Гинц поправил пенсне и спросил:
– Когда вы ушли, чем был занят Михаил Осипович?
– Он ожидал чьего-то прихода… Я потому и ушла. Михаил Осипович не хотел, чтобы я присутствовала при их разговоре.
– И вы не знаете, кто должен был прийти к нему?
– Нет, не знаю… К Мише разные люди ходили… И он иногда просил меня уйти куда-нибудь на время…
– Не опасался ли Михаил Осипович чего-либо в последнее время?
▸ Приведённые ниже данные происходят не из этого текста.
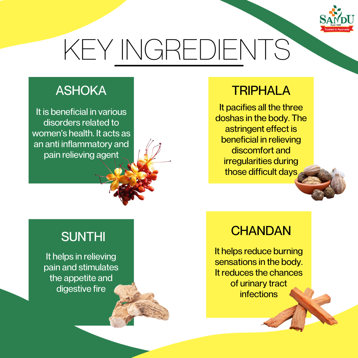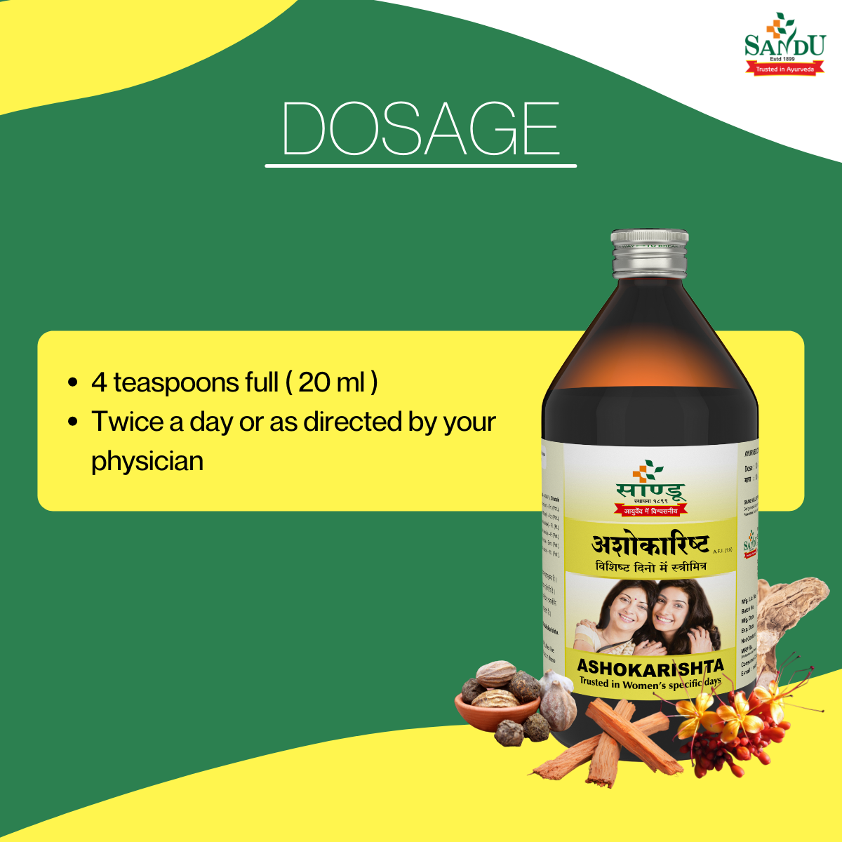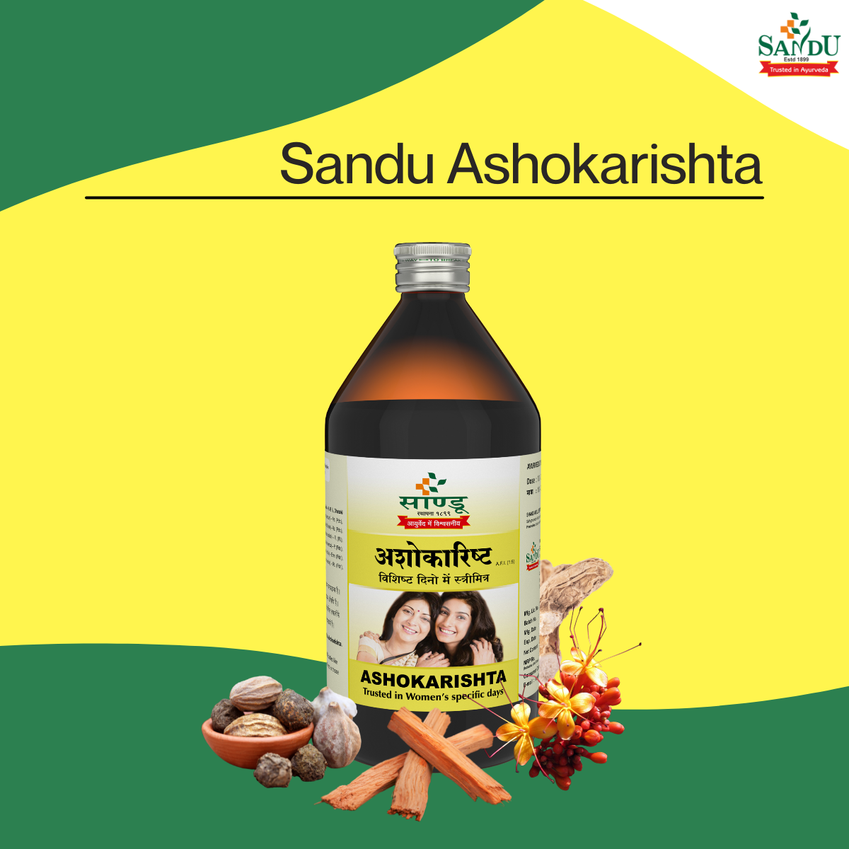 Sandu Ashokarishta is beneficial in general women complaints. It balances hormonal levels and regulates the functions of the ovary and uterus.

– Он, вообще, ничего и никогда не опасался. Точнее, если и опасался, то не подавал виду. Он был очень скрытный человек…
– Господин Лаврович был застрелен из собственного пистолета. Вы знаете, где находился пистолет в то утро?
– Знаю. Пистолет лежал в прихожей на полке…
– В прихожей?! – поразился Александр Карлович. – Заряженный револьвер?! Да почему же он лежал в прихожей?
– Я его туда положила, уходя, – ответила Омар-бек с абсолютным равнодушием.
– Как?.. Зачем?
– В комнату возвращаться не хотела и с собой брать не хотела… Бросила в прихожей… Сгоряча. Мне очень не нравилось, когда Миша просил меня уйти…
– Значит, пистолет был у вас? И дворник говорил правду о том, что вы угрожали им покойному накануне убийства?
– Он был не заряжен, милостивый государь. Миша знал… Поэтому и не боялся и не воспринимал всерьёз моей угрозы…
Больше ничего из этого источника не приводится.